A couple of people asked me recently in separate occasions what drives me when I make. And both times I said, honestly thinking about it every time, that it is the story. I know when something is complete when the story comes together. Most of the time I don't know the story before I start making, although often I have a hint, a word, an image, an item that I want to work with, and I don't stop working until I'm satisfied. And what satisfies me, is the story that connects the dots.
In fact, once I'm satisfied, I usually keep on working. It is exactly at that point that I start working even harder, very intentionally, feverishly, because I see the path and I'm decided to follow it. This is what happened with the sculpted creature here.
I knew I wanted texture, an extra sculptured element. I had a background image that had developed through a process of trial and error until it made sense. There was some space that asked for attention. I added a blob, it looked shinny and interesting, but it was not enough. I already had at that point the general idea of a creature protecting the figure (or at least what I saw as a figure) in the background, so then I intently started working towards making it clear, at least to me. And since I had a story, once the image was complete I felt the need to enhance it with a poem, heroic and just a tiny bit cheesy, like a pure heart.
I will protect you
I will protect you
from the thing
that tails you through
wind and rain.
From what finds you
in the sun
and drags you
back below. I will
be the guard
dog, the watcher, the
catcher, the shield
the amulet, the one
you touched
and did not hurt.
Between September 2023 and July 2025 I studied for an MFA. When I started this study I was 41 years old, with three jobs, a young child and a busy, somewhat messed up life. My creative rhythm, as well as almost any other set rhythm I might have had up to that time, was disrupted, and most works that came out during this period were not products of the pure joy of making (one day we'll talk about the process as well as the outcome of this study). However, there were those moments that somehow slipped through the fingers of institutional creativity and then several little projects appeared. However, because they came to life in fragmented, seemingly unrelated moments, I failed to see them as a whole and I also failed to see from the start their immediate connection with the topics, materials and methods that I chose for my 'institutional' projects.
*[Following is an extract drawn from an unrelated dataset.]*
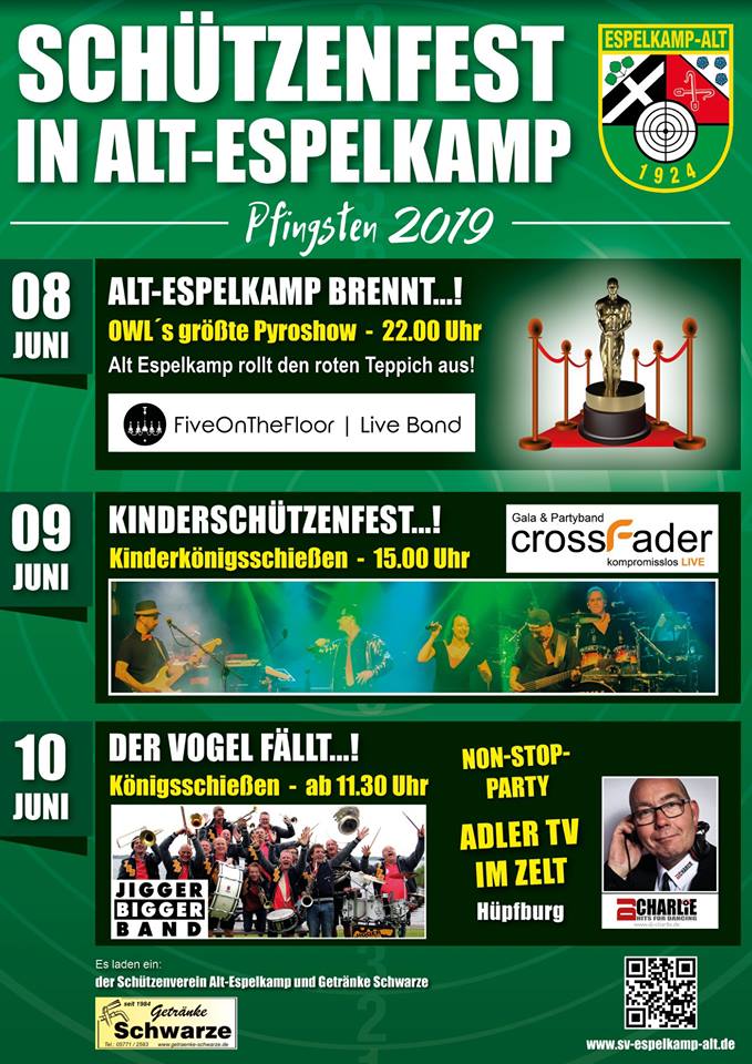 Am Pfingstsamstag spielt für Euch zum Auftakt des Schützenfestes die FiveOnTheFloor - Live Band. Die Band, bestehend aus 4 Musikern und einer Frontfrau, wird uns am ersten Abend einheizen. Am Pfingstsonntag steht erstmals die Partyband CrossFader für euch auf der Bühne unseres Festzeltes und sorgt für ordentlich Stimmung. Lasst euch durch das breite Songspektrum der Band inspirieren und tanzt mit! Am Pfingstmontag während und nach dem Adlerschießen spielt die 14-köpfige Jigger Bigger Band aus Holland mit ihrem einzigartigen Brass-Marching-Sound seit über 14 Jahren auf. "Mit Pauken und Trompeten über die Tische", ist für die Jungs bekanntlich kein Problem.

Self-portrait was the first one of these side projects. It came to fruition during a ceramics workshop around Halloween. I decided to use acrylics and varnish (nail polish) instead of glazing it. The topic of identity, stereotypes and gender roles, that would later emerge in my graduation project, as well as masks as a medium, would only become concrete about a year later in my practice.
Picnic was a child of found objects. The discarded, the every day, the unfitting. From the wooden board to the plastic threads, all objects in this assemblage are items that would have otherwise ended up in the trash, which was also meant to be a performative building element that would shape the sculptures in identitours.
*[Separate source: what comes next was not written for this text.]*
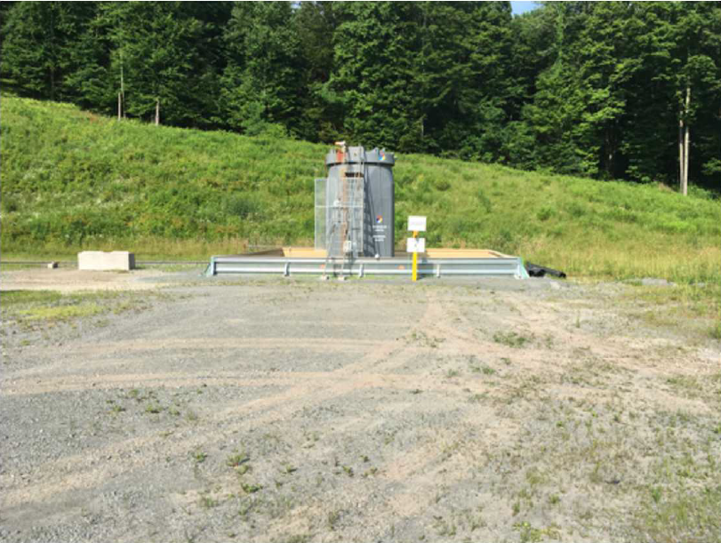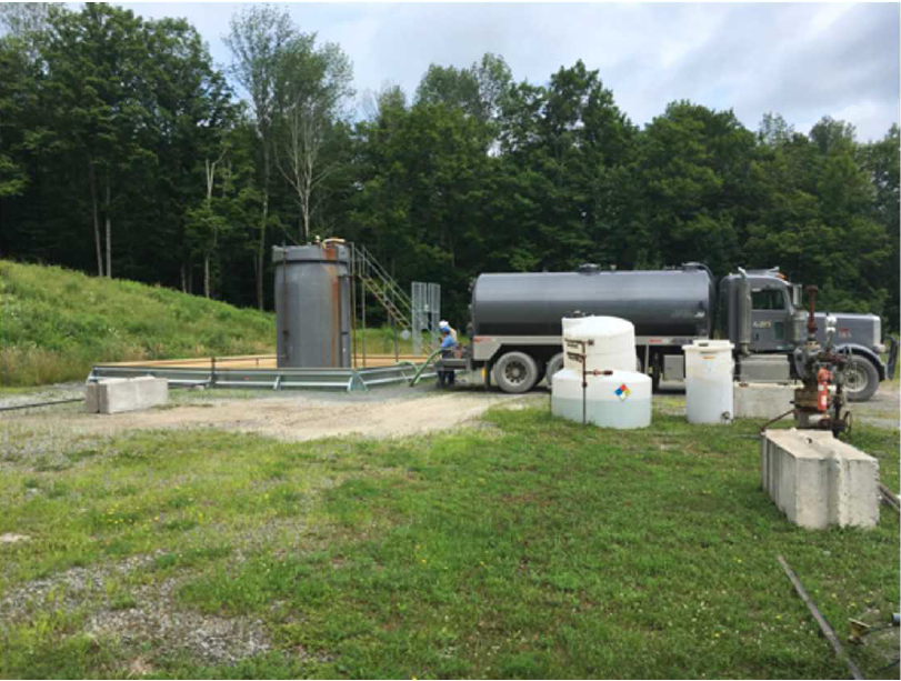 The truck Huston highlights is making a routine stop at the Costello location to pick up stormwater that had collected inside of the containment area around the produced water tanks.

Wall was the last one. The bold color palette is there, as well as the found objects. Underneath, on the found canvas, you can see parts of an underlying painting of a woman. But it's not a message of despair. This wall is a live wall, a lived wall, against the sterile white of decorum, and is in fact a happy expression of that woman. Looking back, those choices I made unconsciously were expressions of and foreshadowed the concept of virtuality, that I also embrace in identitours.
It seems that there is always a little bit of us in everything we do, one way or another.
I am changing. Growing. As an artist and as a person. This means that I am integrating and using the past as fertile soil for a happier life. In my artistic practice this translates into an organic approach to creation, less focused on a specific outcome. I let my artworks mature and grow too, which basically means that I give them more time than ever before. Still, I want my materials to be approachable and relatable, my process sustainable, able to be executed anywhere, anytime. Sicily demonstrates exactly this mindset. It is the outcome of a very strange, intense trip, and it incorporates elements of a personal journey, a greater cultural kinship, mirroring memories from across the sea (being Greek, Sicily bears for me a special weight) and an account of people's desires and often futile efforts against increasingly alienating environments. In my mind the piece has both melancholy and hopeful notes, peace but not resignation.